Santayana famously warned, ‘Those who cannot remember the past are condemned to repeat it.’ What of those who cannot learn from the past failures of theories of secularisation? In this article, I urge that we learn from the past, note the limits of past theories of secularisation as applied to Romanticism, and suggest some helpful way to rethink religion and the secular in the twenty-first century.

As a scholar in the academic study of religion, I often investigate the largely unexamined religious backgrounds, perspectives and practices of what are otherwise considered secular thinkers, discourse and institutions. My current research focuses on the central democratic, religious and environmental perspectives and practices that informed one another in eighteen and nineteenth-century British Romantic literature and its subsequent and sustained legacies in America. This investigation employs a triscopic approach: a methodology that involves careful attention to the three-way intersection of democracy, religion and the environment. In most accounts of British Romanticism, the religious aspects of Romanticism (Protestant and Catholic, orthodox and heterodox, deistic and panentheistic) are neglected, or, if included, are narrativised as belonging to a process of secularisation. Romantic portrayals of religion are either belittled or privatised.

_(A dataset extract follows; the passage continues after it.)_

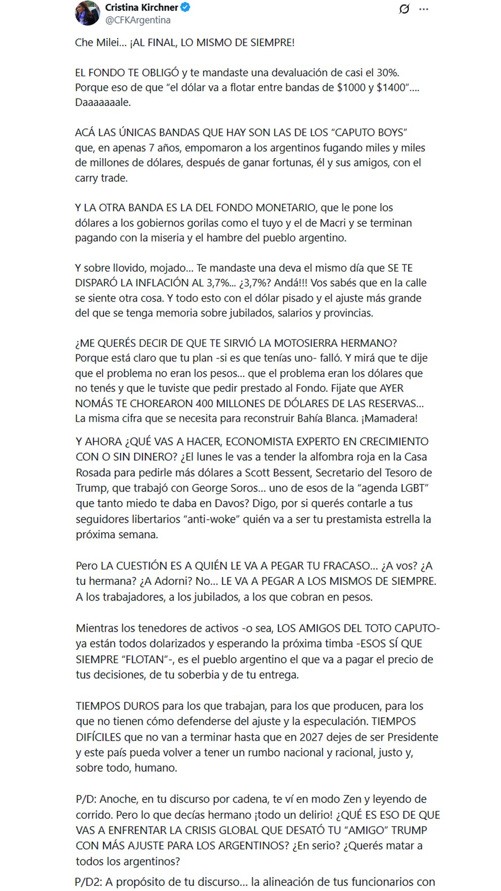 En una de sus dos posdatas -que ya son habituales en sus mensajes en X-, Cristina dijo que durante la cadena nacional del viernes por la noche vio a Milei “en modo zen y leyendo de corrido”. Y replicó: “Pero lo que decías hermano ¡todo un delirio! ¿Qué es eso de que vas a enfrentar la crisis global que desató tu ‘amigo’ Trump con más ajuste para los argentinos? ¿En serio? ¿Querés matar a todos los argentinos?“.

While it is expedient to claim that British Romanticists eschewed religion in lieu of secularised thought, it is more accurate to say that they often dissociated religion—here understood as normative beliefs, practices and perspectives about the divine—from strictly denominational church dogmatics and politics, and engaged religion, broadly understood, in the service of progressive social and environmental aims—both national and global. By applying an interpretive lens that acknowledges the religious traditions that in fact permeated British Romanticism, we gain insight into not only its dynamic religious dimensions but also its political, economic and environmental dimensions.

Although scholars, highly influenced by secularisation theories, routinely assumed that religion was waning during the height of British Romanticism (roughly 1800–1860), it turns out that participation in religious institutions was actually increasing during this time. More importantly, close readings of the salient texts of many if not most of the Romantic authors manifest powerful religious images and themes. Only an opaque lens, such as a prior interpretive commitment to secularisation and its worldview, would obscure sight of such palpable religiosity. This is not to claim, of course, that all Romantic texts look alike or have the same commitment to or notion of religion. It is to claim, however, that our theories of secularisation have often prevented more nuanced readings. Not only did scholars neglect the (often radically progressive) religious beliefs and commitments that were evident in many texts; they also failed to note how Romantic literary production was itself understood as a religious practice. Wordsworth’s Prelude, for example, or Coleridge’s ‘Religious Musings’ were understood as a form of religious (and political) practice that shaped author and reader alike. The early compositions of Wordsworth and Coleridge were religiously, politically and environmentally progressive, and the three—the religious, the political and the ecological—augmented and supported each other.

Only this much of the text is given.